Adapte d’un rap-gaze à l’apparition duquel il a fortement contribué, le projet Moodie Black se fend régulièrement, depuis plus de 10 ans, de sorties irrévérencieuses où son flow sombre percute guitares en fusion, rythmes indus, hip-hop ou électro, pour des rendus singuliers. Ici, il rassemble des b-sides soi-disant détestées, sous l’appellation b-sides i hate, qu’on s’empressera pourtant d’aimer. Pour leur différence, leur qualité, et leurs sonorités sans esbrouffe qui ornent par exemple So good, so long. Entre coloration bluesy, rythme lancinant aux effets psyché et vapeur shoegaze, on a déjà entre les mains une b-side du niveau d’une a-side et connaissant les 2 protagonistes, on ne doute pas une seconde de la bonne tenue du reste. Caskets, où la voix dévie, délivre ainsi un rap brumeux, menaçant, qui annonce l’implosion sans qu’elle n’arrive. Et Duper b, leste, climatique, ratifie la valeur d’un trio d’ouverture garanti toute épreuve. A l’image d’ailleurs de la « totale » Moodie Black, tel le Lucas Acid de haute volée sorti en avril 2018. Moodie Black se montrant, en plus d’une productivité qui ne manquera pas de satisfaire son auditoire, intègre à souhait.
S’il expérimente, le groupe tient la barre d’un son nouveau, innovant, indocile, aux déflagrations démentielles (Grip, bruitiste et pesant). Irrévérencieux dans le verbe, mutin dans le son, il démontre qu’au sein du carcan hip-hop, il y a de belles choses à faire pour peu qu’on fasse preuve d’imagination. Grammy death, fort lui aussi de ces bruits inédits, puis The wall, sur une cadence massive, affirment le genre et au delà, la fiabilité de morceaux bien plus valeureux que de simples faces B. Preuve en est, l’idée -louable- de les unir ici.

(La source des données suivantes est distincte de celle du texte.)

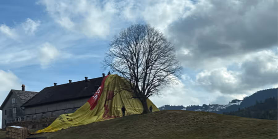 Am Samstag wurde ein entleerter Heissluftballon in Gonten AI von einer Windböe erfasst. In der Folge flog der Ballon auf ein Stalldach.

Avec Deathen l’horizon, si on peut dire, s’éclaircit quelque peu. On reste toutefois dans un mot sombre, un étaiement sans vive lumière. Pour le coup, il est simplement moins opaque. Weekend, ensuite, se pare de voix douces greffées à d’autres évidemment nettement plus graves. Sur ce lit bruitiste, ça prend sans problèmes. Le panel parcouru par Moodie Black depuis ses parutions initiales est de plus parfaitement illustré, entre coups de semonce ingénieusement bruyants et canevas -modérément- plus sobres. Il n’empêche, Landgun livre quand vient son tour des chants d’obédience gospel, qui trouvent leur rang sans forcer. Puis Wing, traînée ombreuse doublée d’un rythme indus, de ces envolées bruitistes dont le duo retient le secret, termine le boulot avec pour effet d’alléger l’attente, pressante, du nouvel opus prévu pour mars 2020, qui répondra au nom ajusté de Fuzz. On en ignore encore le contenu mais la paire de Los Angeles saura sans nul doute combler nos désirs les plus vils, à grand renfort de rap-gaze et noise-rap millésimé.